Desse modo, a qualidade em serviços de saúde deve ser pensada sempre de modo incremental. O uso de metodologias de monitoramento da qualidade, como o Qualiaids, que contempla indicadores de processo e valoriza condições necessárias para o cuidado contínuo de pessoas que vivem com HIV, é imprescindível ao se tratar de iniciativas de aprimoramento da qualidade da assistência em saúde. Em que pesem os limites de abrangência das dimensões da qualidade do Questionário Qualiaids, os resultados conformam uma avaliação do desempenho geral da assistência no SUS para pessoas que vivem com HIV, e que pode ser imediatamente utilizada por todos os níveis de gestão e gerência do programa e dos serviços. Seu desejável impacto na qualidade depende, entretanto, da sua adequada utilização por todos esses níveis.

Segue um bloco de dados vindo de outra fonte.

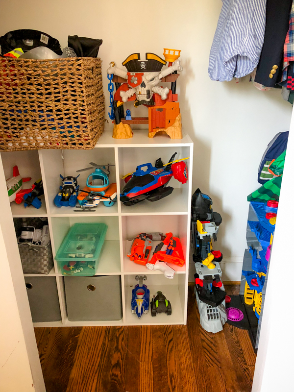That is a good lesson though, because like they say about junk food – out of sight, out of mind! So, my goal was to take his toys out of bins and display them on the shelves.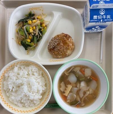 1月15日(木)の給食は、のっぺい汁、とうふつくね、塩昆布あえ、ごはん、牛乳でした。とうふつくねはハンバーグのようでおいしくいただきました。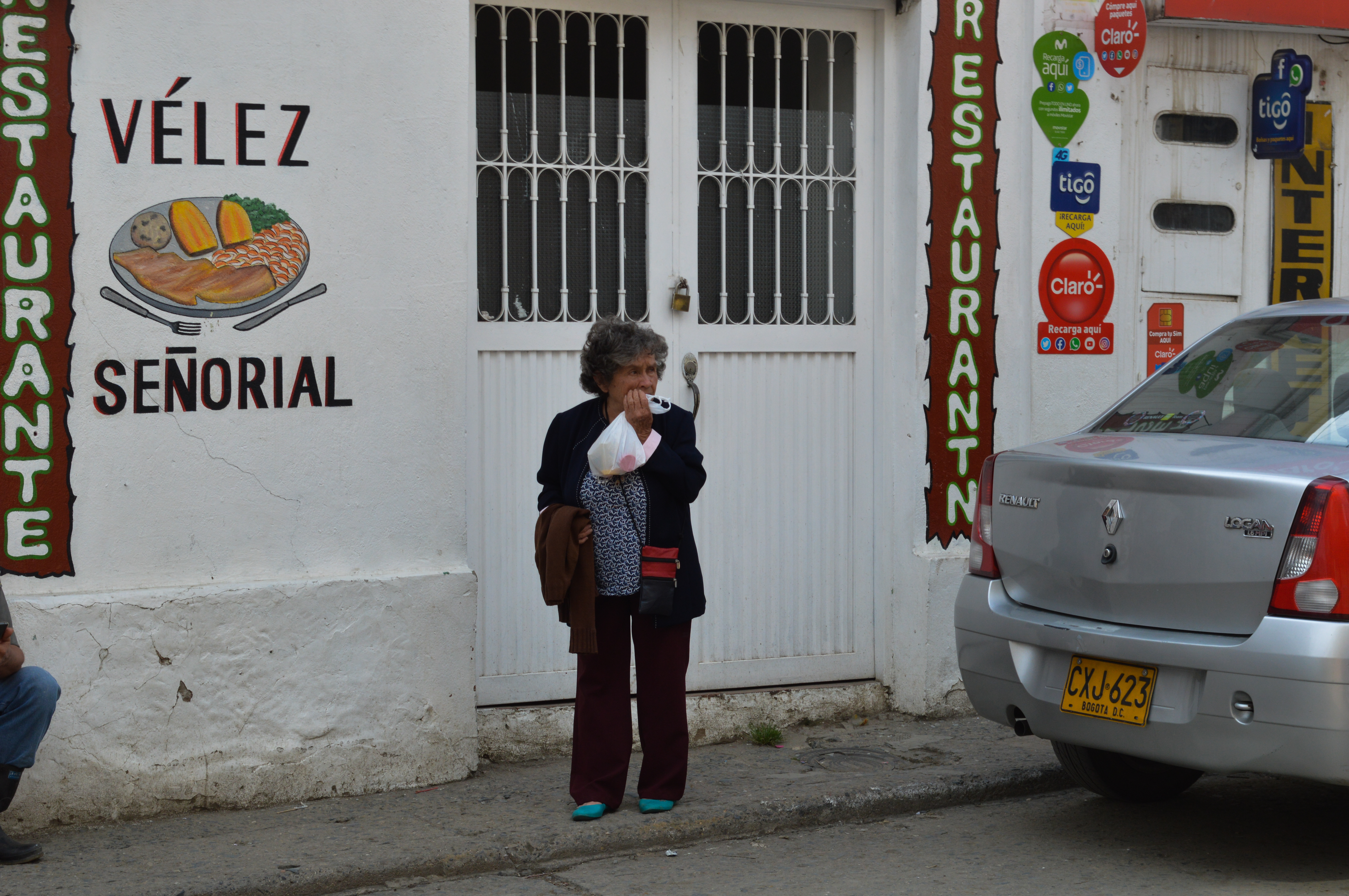 El recorrido en carro es difícil de explicar, soy un pésimo viajero. Almorzamos dos pueblos antes, en Vélez, un lugar increíble; las calles parecían una montaña rusa porque subíamos, bajábamos, giramos por estrechas calles y la gente no respetaba los semáforos. En sus rincones había quienes nos ofrecían camándulas y rosarios.

Nosso estudo mostrou que permanecem problemas dentro do fluxograma geral da assistência dos serviços brasileiros no que diz respeito à organização de ações que promovem a retenção dos pacientes no serviço e a adesão ao tratamento.
Considerando que a trajetória dos pacientes, geralmente de anos, difere com períodos de maior e menor adesão ao tratamento ao longo do seguimento, e que as ações para a promoção e o monitoramento da retenção e da adesão devem ocorrer de forma simultânea no serviço, para garantir a permanência dos pacientes em seguimento é necessário que os serviços realizem ações de promoção e monitoramento voltadas a todos os pacientes e ofereçam suporte ao tratamento de acordo com as necessidades de cada um.

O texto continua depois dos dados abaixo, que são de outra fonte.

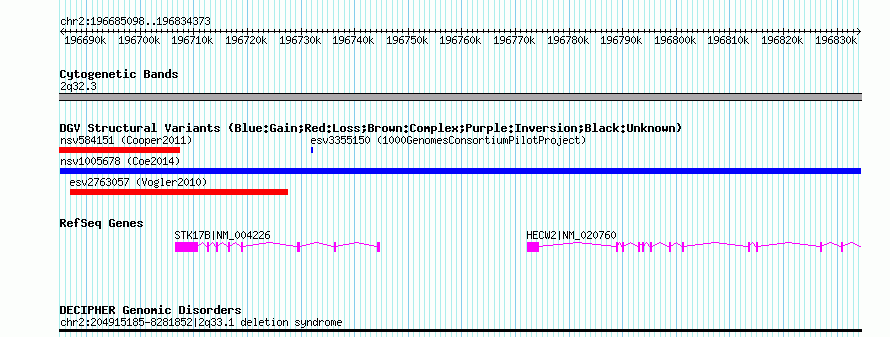 | | Variant Type | CNV gain | | Copy Number | | | Allele State | | | Allele Origin | | | Probe Count | | | Validation Flag | | | Merged Status | M | | Merged Variants | | | Supporting Variants | nssv3583984 | | Samples | | | Known Genes | HECW2, STK17B | | Method | SNP array | | Analysis | Affymetrix SNP array copy number analysis | | Platform | Affymetrix SNP Array 6.0 | | Comments | | | Reference | Coe_et_al_2014 | | Pubmed ID | 25217958 | | Accession Number(s) | nsv1005678

Assim, propusemos na Figura 2 um quadro referencial que reúne todas as práxis necessárias para que os serviços identifiquem e reforcem as ações de promoção, monitoramento e suporte à retenção e adesão ao tratamento. Essas ações estão contidas na organização geral da assistência e são realizadas baseando-se num suporte adequado de recursos, sejam eles providos pela rede assistencial ou pelo próprio serviço.

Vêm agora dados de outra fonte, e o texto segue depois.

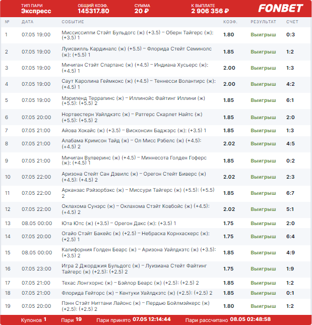 Клиенту букмекерской конторы «Фонбет» удалось собрать выигрышный экспресс из 19 событий, которые проходили в ночь с 7 на 8 мая. Все 19 ставок в купоне были сделаны на исход с учетом форы в матчах по женскому софтболу. Житель Самары проявил потрясающее знание в не самом популярном виде спорте, но здесь явно не обошлось без доли везения.

O modelo também busca “traduzir” a meta 90-90-90 proposta pelo UNAIDS em ações assistenciais concretas. Esperamos que, com base nele, os gestores sejam sensibilizados a avaliar e monitorar os indicadores de estrutura e processo relacionados à retenção e à adesão ao tratamento nos serviços brasileiros e que, simultaneamente ao alcance da meta 90-90-90, possam desenvolver estratégias de busca e reengajamento daqueles que não estão em acompanhamento nos serviços.